A thousand years ago people in Africa, Europe and America would have been different species.
To: realpatriot71
Whew! Now that that's been figured out, explain the origin of symbiotic relationships?
To: tallhappy
Speciate is intransitive. I should have said transitive verb, implying an actor. Does something cause speciation? Can you cause speciation? Or does the organism just spontaneously speciate because it is speciation time?
To: realpatriot71
Let us assume for a moment that macroevolution does exist. Let us also assume for a moment that the big bang theory is true. Hold on there you creationists, don't click the "post reply" button just yet. Prior to the big bang, there must have been something to go BANG, and there must have been some mighty force to ignite that something that went bang. Let us also assume that the creator of that something and the ignitor of that something was a force that some have come to know as a GOD. This creative power (a GOD in this example) could have devised a scheme that we refer to as macroevolution, as the mechanism that leads to the human. The point of evolution where the human emerged could have well been preordained. This still would be creation would it not?
To: realpatriot71
Family portrait of my brine shrimp.
To: realpatriot71
This usually results in the two species being genetically different because of breeding only within the immediate group. For people who believe that man originated from one Adam, could this not explain the differences among people groups?
27
posted on
02/07/2002 10:06:49 AM PST
by
twigs
To: tallhappy
A thousand years ago people in Africa, Europe and America would have been different species
This would be true if when these humans met they did not breed. Separate species when placed together will not breed with each other for various reasons as mentioned before. Humans, being rational, can choose not to breed, but we obviously can.
To: realpatriot71
Where are you getting this revisionist definition?
To: twigs
For people who believe that man originated from one Adam {and Eve}, could this not explain the differences among people groups?

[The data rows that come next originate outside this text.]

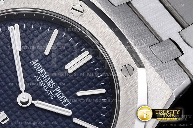 Часы Audemars Piguet из коллекции Royal Oak Jumbo. Классические мужские часы Audemars Piguet Royal Oak Jumbo Extra-thin 15202ST.OO.1240ST.01 премиального качества (Артикул магазина: AP-0972) оснащены надежным автоматическим механизмом с автоподзаводом (работает от амплитуды движения руки) калибра AP2121, в котором реализованы следующие функции: часова и минутка стрелки, а так же дата. Восьмиугольный корпус часов стального цвета, имеющий размер 39 мм и высоту 8.7 мм превосходно дополнит образ и украсит запястье своего обладателя. Для изготовления часов Audemars Piguet Royal Oak Jumbo Extra-thin 15202ST.OO.1240ST.01 предлагаемых в нашем интернет-магазине, применяются нержавеющая сталь 316F высокого качества (Швейцарский стандарт), а так же сапфировое стекло высокой прочности, благодаря чему обеспечивается максимальная защита от сколов и механических повреждений. Отличительной чертой данной модели является синий циферблат, часовые индексы которого обеспечивают часовые метки. Завершает образ браслет из нержавеющей стали стального цвета с фирменной раскладывающейся застежкой Audemars Piguet. Водонепроницаемость данной модели составляет 30М (WR30) – допускается минимальное воздействие с водой.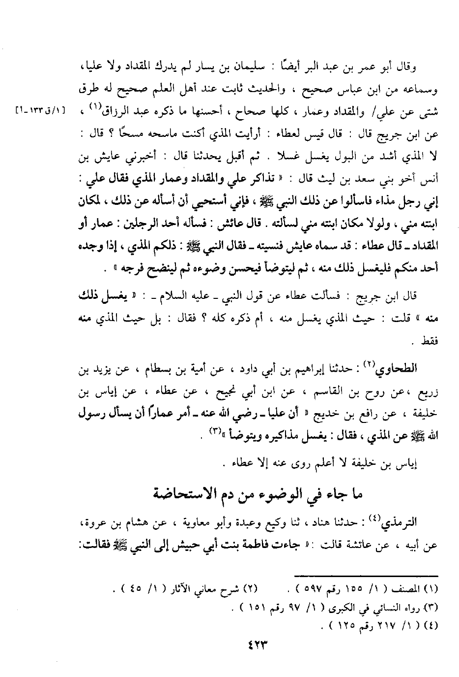 وَقَالَ أَبُو عمر بن عبد الْبر أَيْضا: سُلَيْمَان بن يسَار لم يدْرك الْمِقْدَاد وَلَا عليا، وسماعه من ابْن عَبَّاس صَحِيح، والْحَدِيث ثَابت عِنْد أهل الْعلم صَحِيح لَهُ طرق شَتَّى عَن عَليّ / والمقداد وعمار، كلهَا صِحَاح، أحْسنهَا مَا ذكره عبد الرَّزَّاق، عَن ابْن جريج قَالَ: قَالَ قيس لعطاء: أَرَأَيْت الْمَذْي أَكنت ماسحه مسحا؟ قَالَ: لَا الْمَذْي أَشد من الْبَوْل يغسل غسلا. ثمَّ أقبل يحدثنا قَالَ: أَخْبرنِي عايش بن أنس أَخُو بني سعد بن لَيْث قَالَ: " تَذَاكر عَليّ والمقداد وعمار الْمَذْي فَقَالَ عَليّ: إِنِّي رجل مذاء فاسألوا عَن ذَلِك النَّبِي - صَلَّى اللَّهُ عَلَيْهِ وَسَلَّم َ -، فَإِنِّي أستحيي أَن أسأله عَن ذَلِك، لمَكَان ابْنَته مني، وَلَوْلَا مَكَان ابْنَته مني لسألته. قَالَ عائش: فَسَأَلَهُ أحد الرجلَيْن: عمار أَو الْمِقْدَاد - قَالَ عَطاء: قد سَمَّاهُ عايش فَنسيته - فَقَالَ النَّبِي - صَلَّى اللَّهُ عَلَيْهِ وَسَلَّم َ -: ذَلِكُم الْمَذْي، إِذا وجده أحد مِنْكُم فليغسل ذَلِك مِنْهُ، ثمَّ ليتوضأ فَيحسن وضوءه ثمَّ لينضح فرجه ".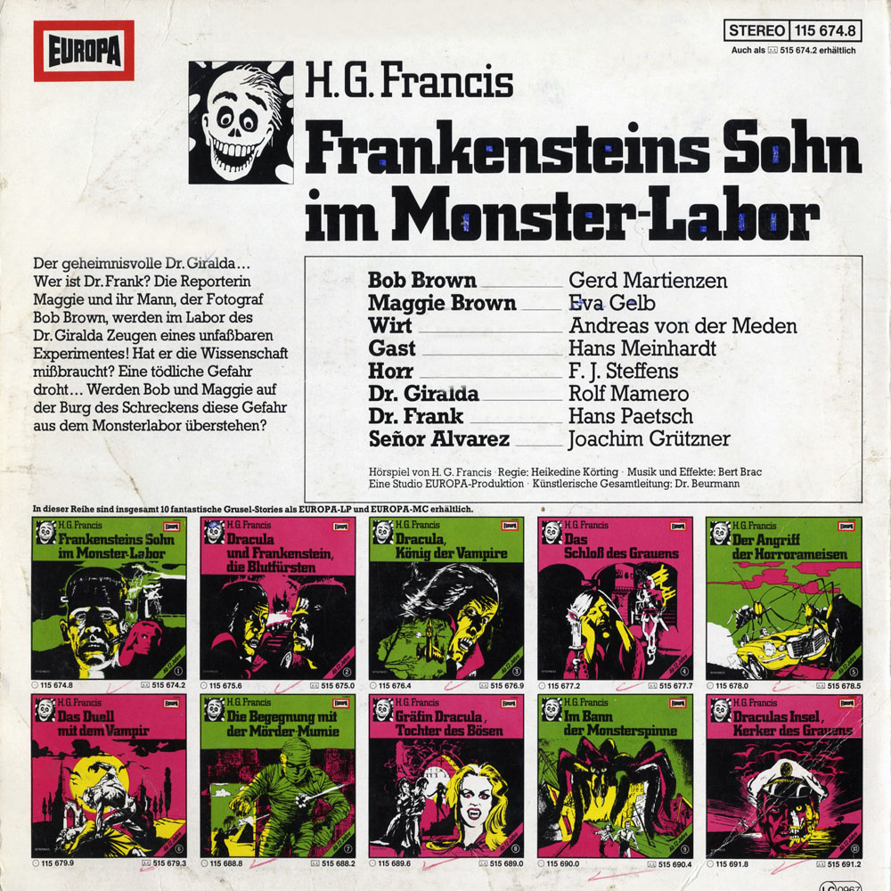 Erschien schon 1978 als Einzelhörspiel "Frankensteins Sohn". Doch auch die Ausschmückung des Titels hilft nicht darüber hinweg, dass es sich hier um eine äußerst langweilige Darbietung handelt, die nicht im mindesten gruselig ist. Hans Paetsch in seiner größten Fehlbesetzung. Bob und Maggie Brown sind nur ein schwacher Abklatsch von Eireen Fox und Tom Fawley. Nicht eine Spur Spannung will hier aufkommen. Ich rate ab.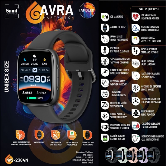 - Pasos, distancia,rastreo mapa GPS,función relax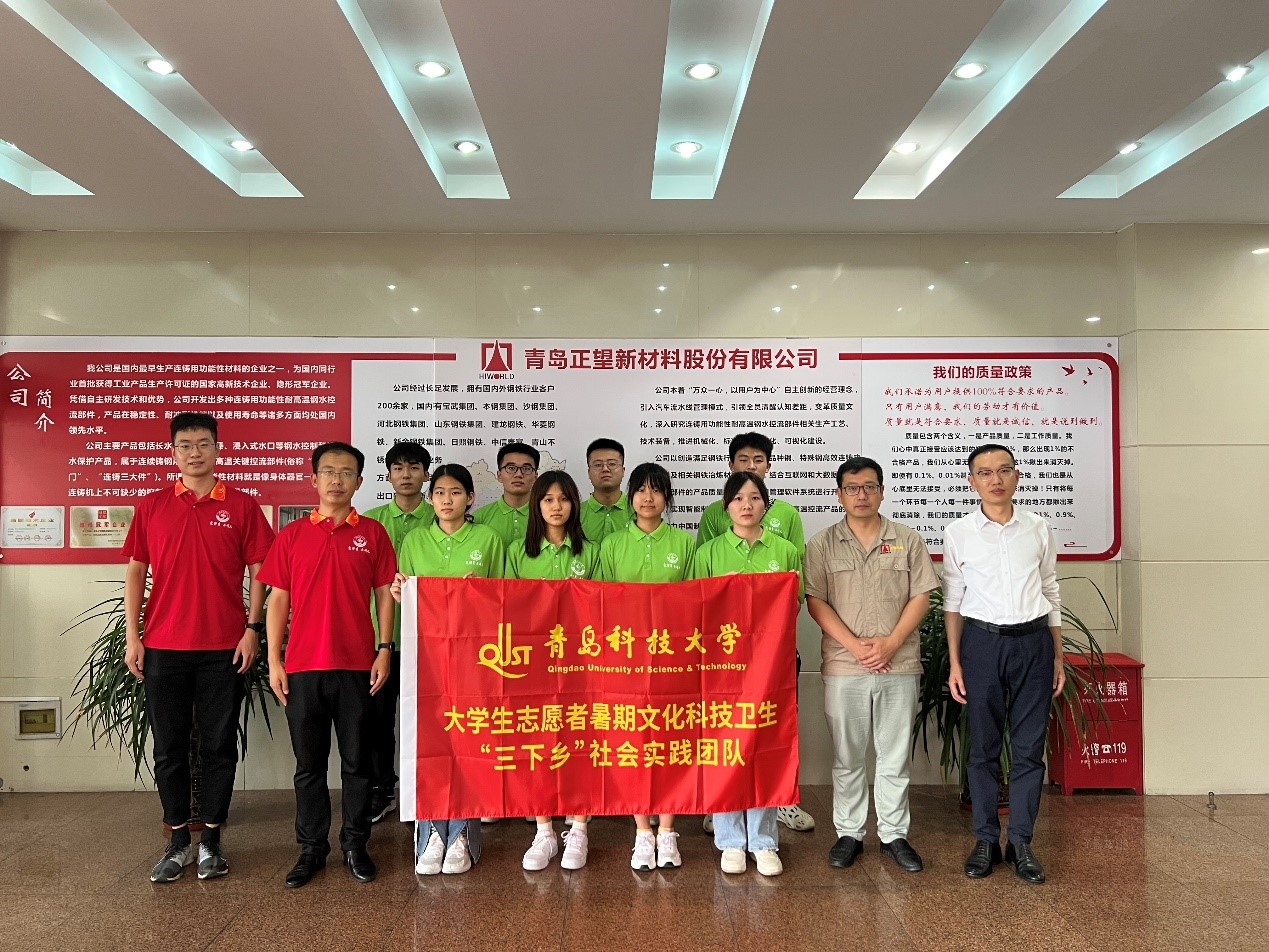 青岛正望新材料股份有限公司成立于一九九八年,是国家级重点高新技术企业。公司致力于钢水控制和保护材料的专业化生产,主要产品有长水口、浸入式水口、整体塞棒、石墨坩埚、保护渣、包芯线等。近年来,青岛正望新材料股份有限公司与材料公司开战了广泛而深入的产学研合作,是公司重要的实习实践基地和人才输送基地。接下来实践团将在企业里结合企业的产业特色开展进一步的专业理论学习、参观实验室与生产车间、参与一线生产等实习实践活动。

Yes it can explain the differences.
To: tallhappy
It's not revisionist. What is your problem with it?
To: realpatriot71
Thank you. How long do you think such change as we see it today would take in man?
32
posted on
02/07/2002 10:13:21 AM PST
by
twigs
To: realpatriot71
If this is acceptable, it would seem that over millions of years there would have been more numerous and wider varying mutants.
33
posted on
02/07/2002 10:13:38 AM PST
by
cynicom
To: ThinkLikeWaterAndReeds
Yes that would be creation. However, the creation account mentioned in the Bible tells of a fully formed man, not an evolved men.
To: realpatriot71;ijcr
See:
Annu Rev Pharmacol Toxicol 2002;42:181-208 Molecular basis of environmentally induced birth defects. Finnell RH, Waes JG, Eudy JD, Rosenquist TH.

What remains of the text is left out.